Addressing The Human Cost of Assam Tea
#TruthAboutTea
People have been enjoying the refreshing, health-giving qualities of tea for over four thousand years. Two billion cups of tea are consumed globally every day[1]. In India, over 850 million people and nine out of every ten households consume tea daily.[2] In markets such as the UK, consumers drink some 165 million cups of tea a day – enough to fill 20 Olympic-sized swimming pools.[3]
Assam tea is particularly valued by consumers for its rich, robust and aromatic flavour. Like champagne, Assam tea is named for the region where it is grown: the lush, humid plains of the Brahmaputra River valley in North-East India. Often, supermarkets sell it at premium prices, either as pure Assam tea or as part of popular blends such as ‘English Breakfast’ tea. Building on the findings of a series of reports by local non-government organizations and international media outlets, new research commissioned by Oxfam and undertaken by the Tata Institute of Social Sciences (TISS) on 50 tea estates shows the shocking scale and depth of human suffering of the women and men that produce our tea.[4] The new research finds that the workers who bring us this prized brew struggle to earn enough to cover their basic living costs, to find drinking water that will not give them typhoid or cholera, to reach a medical facility in time to treat illnesses, or to find shelter from the monsoon rains under the dilapidated roofs of their cramped houses.

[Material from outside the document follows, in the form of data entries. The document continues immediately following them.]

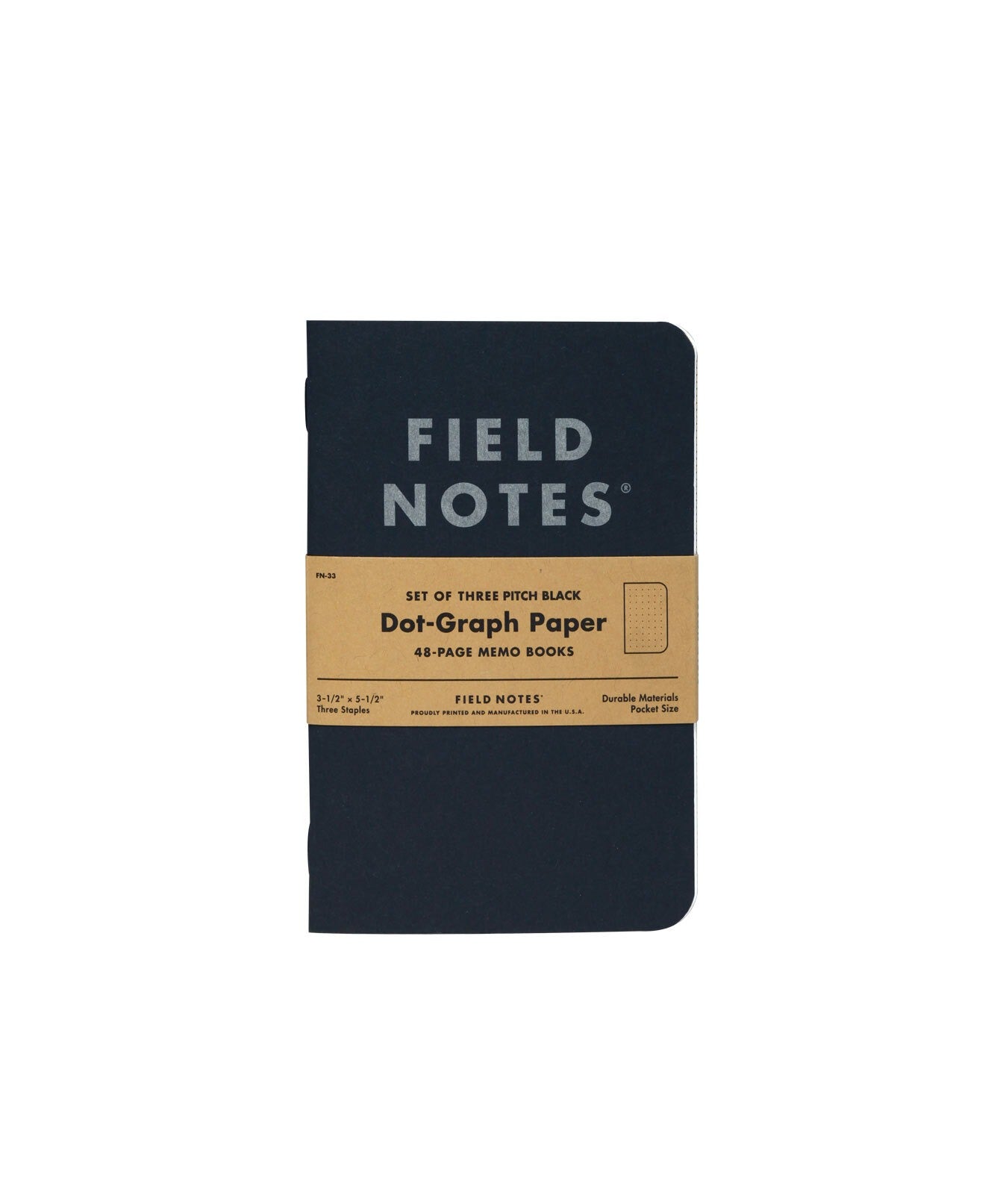 The Field Note classic 3-1/2" × 5-1/2" Pitch Black memo books, now available in a 3-Pack with 60# Finch Opaque body paper in Dot-Graph or Ruled styles. They're bound with glossy black staples and sturdy 118# covers featuring a Field Notes-exclusive black/kraft duplex paper from French Paper Co.
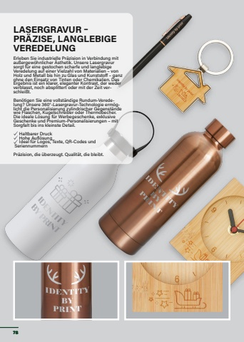 LASERGRAVUR %u2013 PR%u00c4ZISE, LANGLEBIGE VEREDELUNGErleben Sie industrielle Pr%u00e4zision in Verbindung mit au%u00dfergew%u00f6hnlicher %u00c4sthetik. Unsere Lasergravur sorgt f%u00fcr eine gestochen scharfe und langlebige Veredelung auf einer Vielzahl von Materialien %u2013 von Holz und Metall bis hin zu Glas und Kunststoff %u2013 ganz ohne den Einsatz von Tinten oder Chemikalien. Das Ergebnis ist ein klarer, eleganter Kontrast, der weder verblasst, noch absplittert oder mit der Zeit ver- schlei%u00dft.Ben%u00f6tigen Sie eine vollst%u00e4ndige Rundum-Verede- lung? Unsere 360%u00b0-Lasergravur-Technologie erm%u00f6g- licht die Personalisierung zylindrischer Gegenst%u00e4nde wie Flaschen, Kugelschreiber oder Thermobecher. Die ideale L%u00f6sung f%u00fcr Werbegeschenke, exklusive Geschenke und Premium-Personalisierungen %u2013 mit Sorgfalt bis ins kleinste Detail.%u2714 Haltbarer Druck%u2714 Hohe Aufl%u00f6sung %u2714 Ideal f%u00fcr Logos, Texte, QR-Codes und SeriennummernPr%u00e4zision, die %u00fcberzeugt. Qualit%u00e4t, die bleibt.78
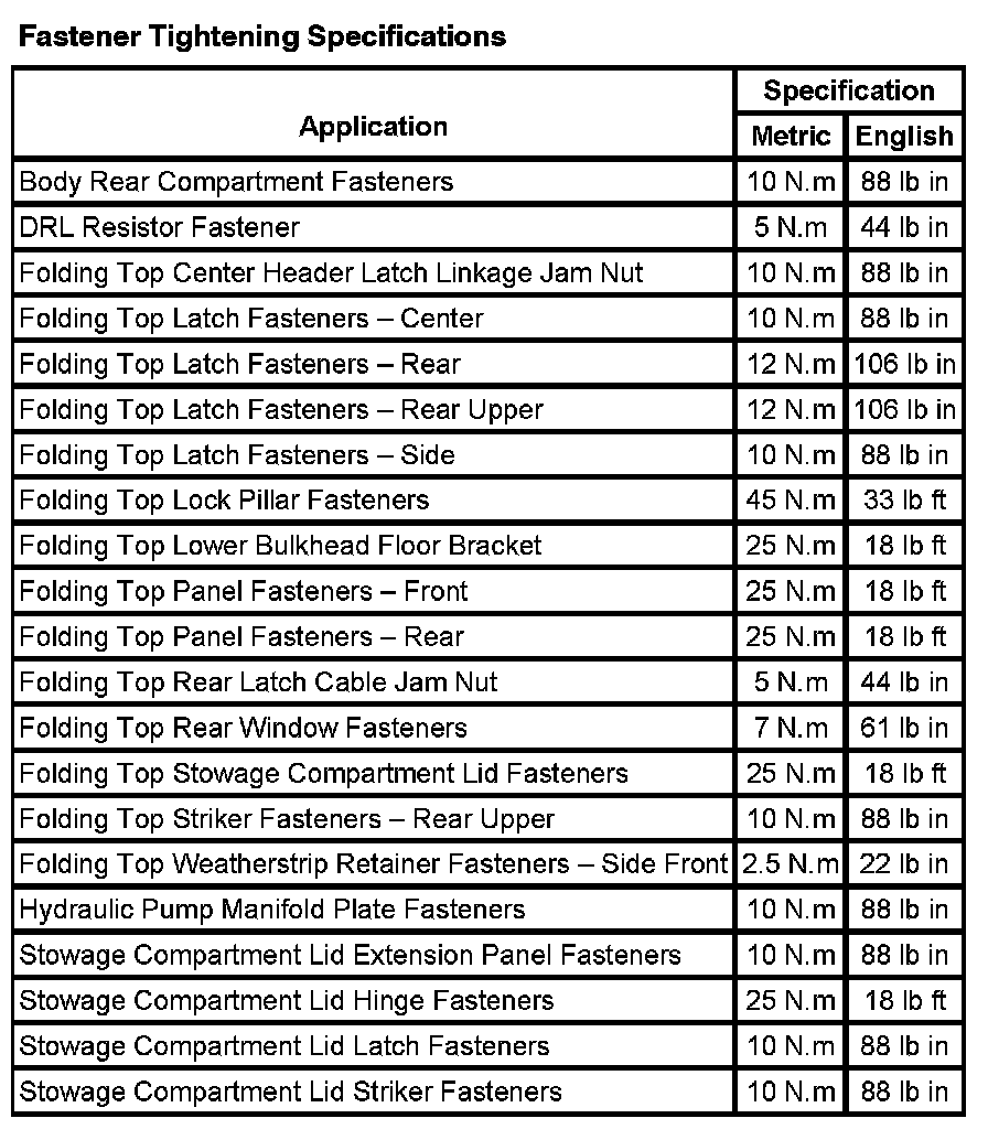 Convertible Top: Specifications
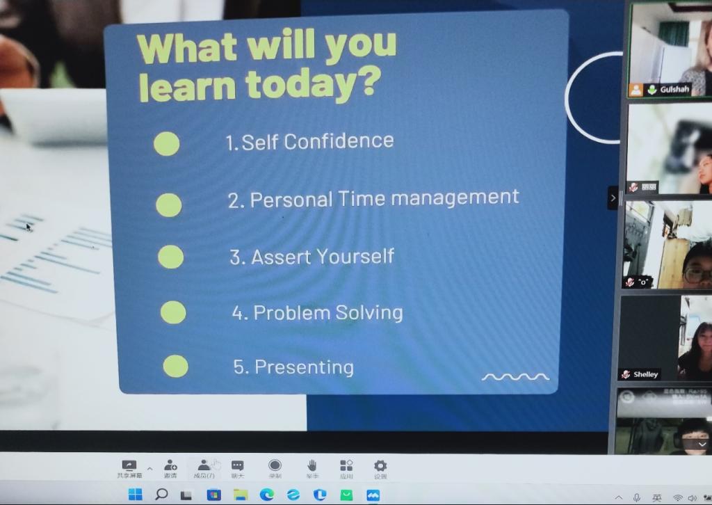 商务+英语特训营主要以“商业技巧和职场知识”为主题展开学习。高级商务培训师Mrs.Gülshah C.Y. - 瑰夏老师,用生动的课件为我们讲解商务活动的各种技巧和知识。尽管因为疫情,我们只能以网课的形式进行特训营教学,但瑰夏老师所展示的商务知识通俗易懂,能让我们一看就会。所以,即使隔着屏幕,专业的商务英语知识特点也如涌泉般汇入我们的大脑,充实我们的知识储备。
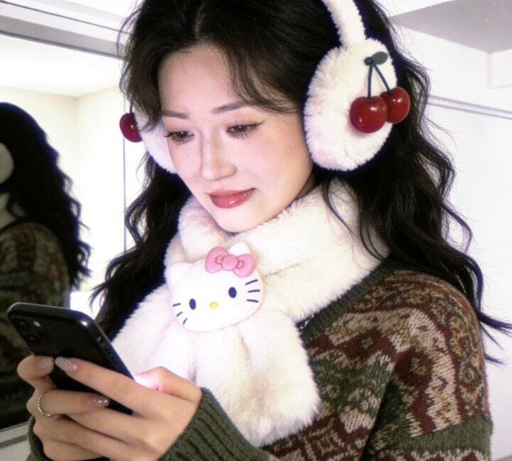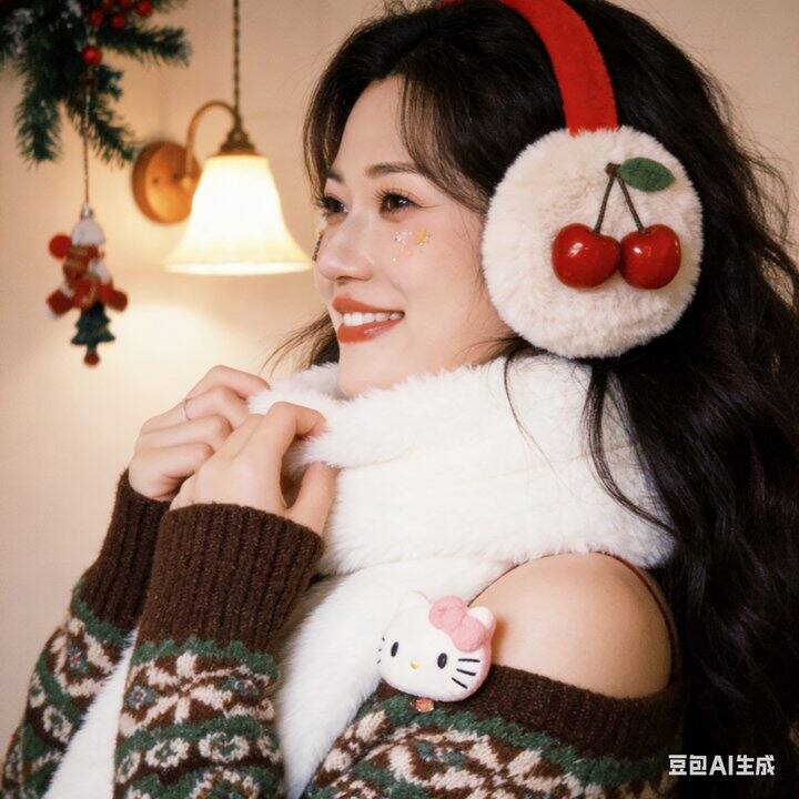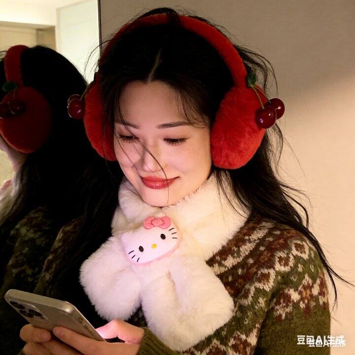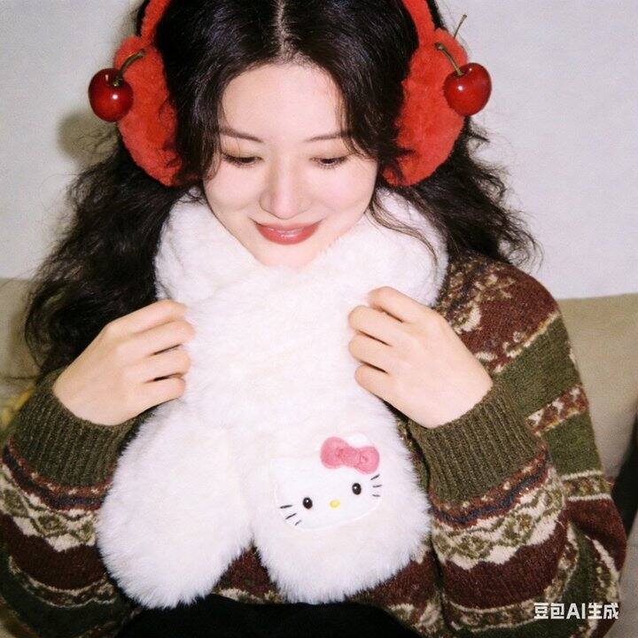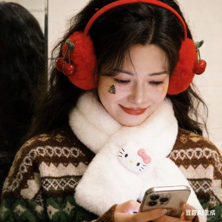 帮我生成九张图片,人物五官比例100%不变,留着蓬松的深色长发,搭配红色樱桃造型的毛绒耳罩,造型可爱又带着冬日的软糯感;她以手持手机、低头轻看屏幕的姿势出镜,嘴角微扬露出柔和笑意,姿态松弛又尽显娇俏温柔的神态;穿搭是带有复古花纹的棕绿配色毛衣,外搭厚实的白色毛绒围巾,围巾上还别着粉色Hello Kitty装饰,既贴合冬日氛围又添了几分甜美俏皮。环境是室内的温馨空间,背景可见浅色墙面与镜面反射出的部分身影,整体氛围闲适又带着日常的松弛感。光线是室内的柔和暖光,人脸区域被暖光晕染得肤色粉嫩柔和,而背景环境的光线相对均匀偏浅调,形成了人脸与环境间“暖-柔”的明暗过渡,同时人脸的暖调与背景浅色调的柔和感相互呼应,没有强烈的冷暖反差;不同物件的明暗对比也很自然,比如毛绒耳罩的蓬松纹理在光线下呈现出柔软的明暗层次,毛衣的针织花纹因受光角度不同展现出细腻的深浅变化,白色围巾的毛绒质感也在光线下透出轻盈的光泽感。拍照角度是近距离的平视构图,人物出镜的部分展示到肩胸区域,整体画面聚焦于人物上半身,构图紧凑又突出了温柔松弛的日常气质。比例 1:1。
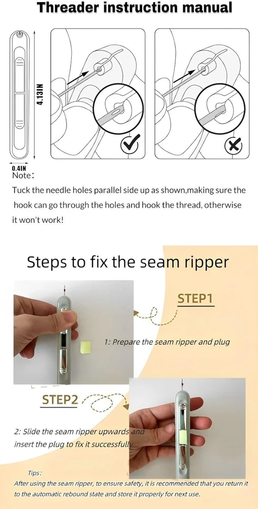 Free eBay listing template designed by dewiso.com Upgraded 2 in 1 Automatic Needle Threaders Seam Ripper,Quilting Supplies Sewing Kit,Quick Sewing Machine Loop Needle Threaders (1PCS-Purple) FREE AND FAST SHIPPING! About this item Do you often get frustrated with threading needles and removing stitches during sewing, crafting, or embroidery? Here comes our amazing 2-in-1 Threader and Stitch Remover that will revolutionize your DIY experience! This incredible tool features a threader on one side and a convenient stitch remover on the other. It's a multi-functional gem that serves as an excellent companion for sewing, handicrafts, embroidery, and various other creative projects. Whether you're working with delicate silk, tough denim, common canvas, cotton fabric, or engaging in cross-stitch, decorative stitching, knitting, or embroidery, it performs outstandingly. It's also perfect for mending clothes, shoes, and other household items, covering a wide range of applications. Using it is a breeze! The unique double-headed design makes threading needles simple and swift. Just insert the threader into the eye of the needle, place the thread on it, and then pull it out gently. Voila, the threading problem is solved in an instant. Its compact size allows you to carry it around with ease, enabling quick repairs and adjustments wherever you are. Storage is no trouble at all! The lightweight, flat, and small-sized tool ensures safe storage of both ends when not in use. You can easily store it in a box or a bag without taking up much space. If you're struggling to find a perfect gift, this Threader and Stitch Remover is an ideal choice for DIY craft lovers in the US. Whether they are seasoned sewing pros or beginners just starting out, it will surely become an essential item to simplify tasks and enhance their creative enjoyment. Don't hesitate. Get it now and embark on a new journey of DIY creativity! Product We offer a 30-Day Return Policy on items which you are not completely satisfied with. You have the option for a full-refund or an exchange of the item. No returns are available on items shipped outside of the US . Shipping We offer Free Shipping to the US and ship within 2 business days of payment, usually sooner. We use UPS express shipping. That's why your products are usually delivered within 3 days . Contact We try our very best to make sure every customer is completely satisfied. If there's a problem , message us! We're happy to help. 24/7 live chat available.
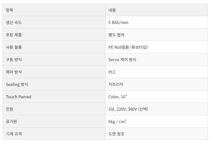 PE필름 실링에 적합한 Impulse실링 방식 채택 (Sealing부분이 깨끗함)
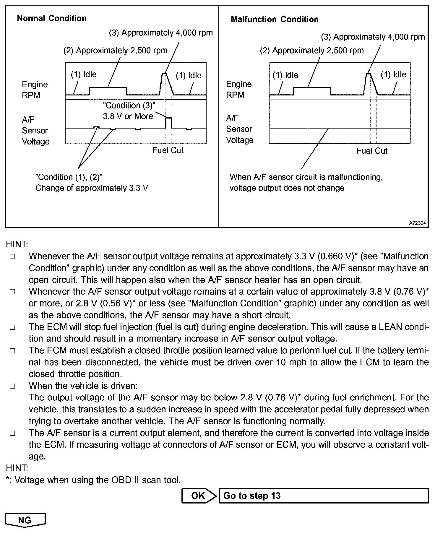 The following A/F CONTROL procedure enables the technician to check and graph the voltage outputs of both the A/F sensor and the heated oxygen sensor.
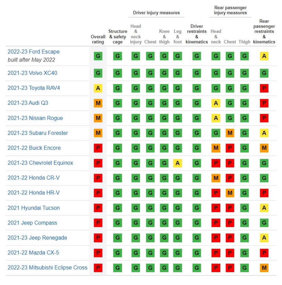 โดยผลการทดสอบรถยนต์กลุ่ม Compact SUV สร้างความเป็นกังวลให้กับ IIHS เนื่องจากมีเพียง 2 รุ่น จาก 15 รุ่น ที่มีผลการทดสอบในระดับดี ได้แก่ Ford Escape และ Volvo XC40 เนื่องจาก ตัว Dummy ได้รับบาดเจ็บเพียงเล็กน้อย และไม่มีผลข้างเคียงจากแรงดึงกลับของเข็มขัดนิรภัย
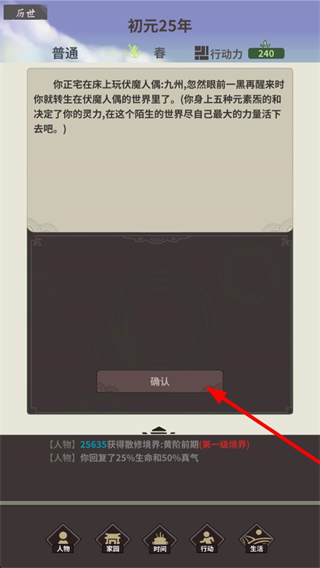 4、有劇情提示,如轉生到伏魔人偶世界,點擊確認,在初元25年等時間節點展開冒險,提升修為活下去。
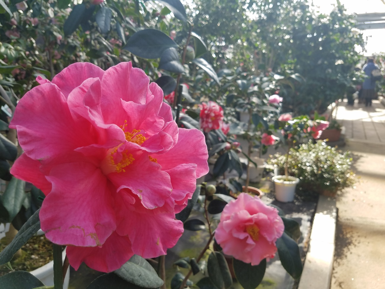 Various different camellias being sold at the camellia museum. If you find a favorite camellia at the museum, out of the over 500 types grown inside, you might just be able to buy your own pot of it to take home.
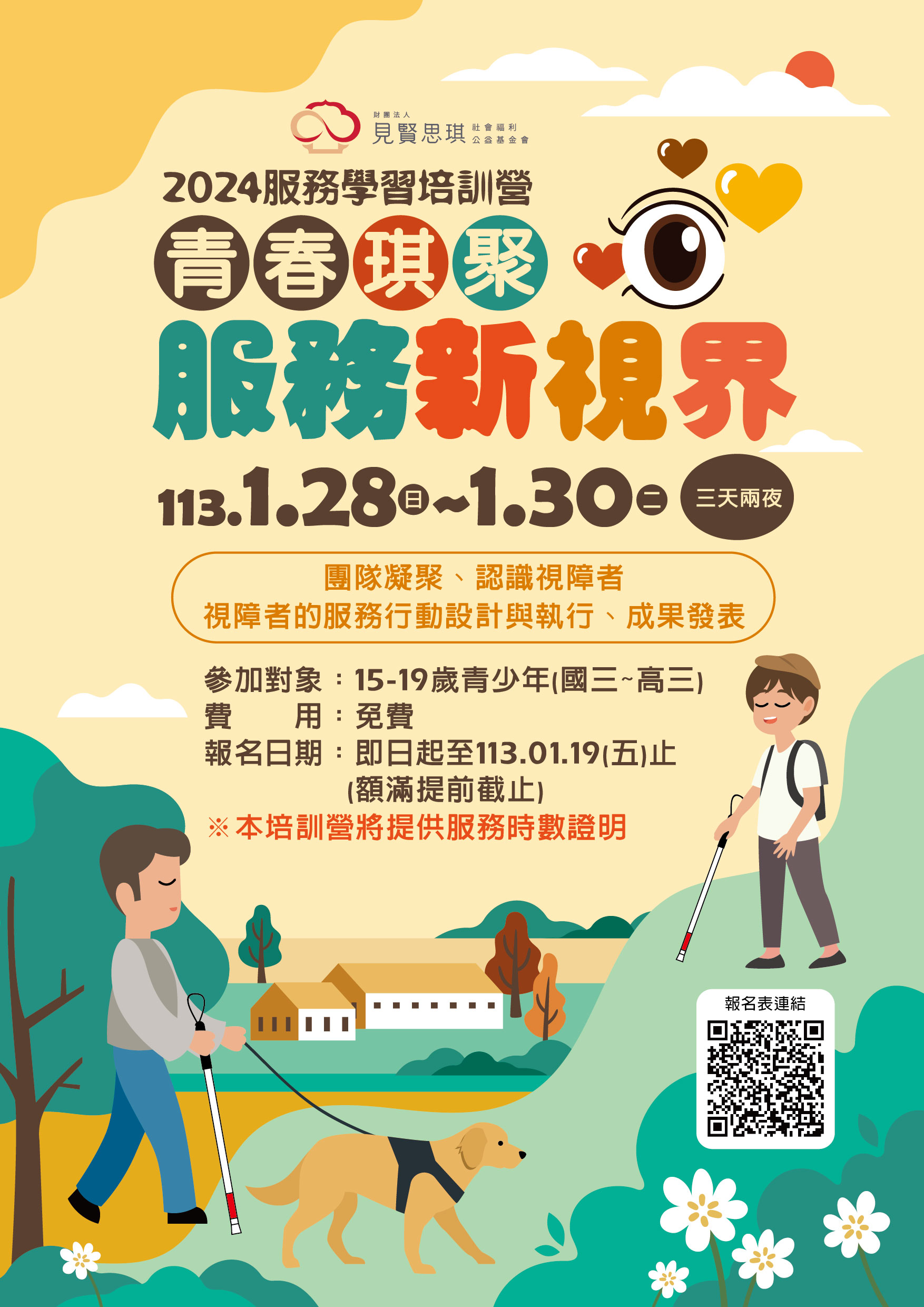 一、本會規劃辦理2024「青春琪聚-服務新視界」寒假服務學習培訓營;透過做中學提供社會參與機會,增進青少年對公共議題的關心,豐富其學習視野,歡迎有服務熱忱的青少年踴躍參與。

Researchers interviewed 510 workers on 50 Assam tea estates that supply to tea brands and supermarkets internationally, revealing appalling working and living conditions that constitute a failure to respect, protect and fulfill international human and labour rights.[5] These findings include:
• Poverty wages that are below the minimum wage for Assam’s unskilled agricultural workers.
• Injustice for women. Including unpaid domestic work, women tea workers undertake up to 13 hours of physical labour per day after just six hours’ rest. They do the labour-intensive, low-paid task of plucking tea, while men get the better paid, more respected factory jobs. They are excluded from decision making and from pay and working conditions negotiations. These add up to a working life deprived of dignity.
• Lack of basic healthcare, education, housing, food and sanitation entitlements. Housing and toilets are dilapidated or non-existent. Most workers do not have access to safe drinking water, so despite doctors’ warnings, they have no choice but to drink the contaminated water, meaning diseases such as cholera and typhoid are common.
Accordingly, we call for urgent action from supermarkets, tea brands, and state authorities to end the human suffering of Assam’s tea workers, and support a life of dignified work.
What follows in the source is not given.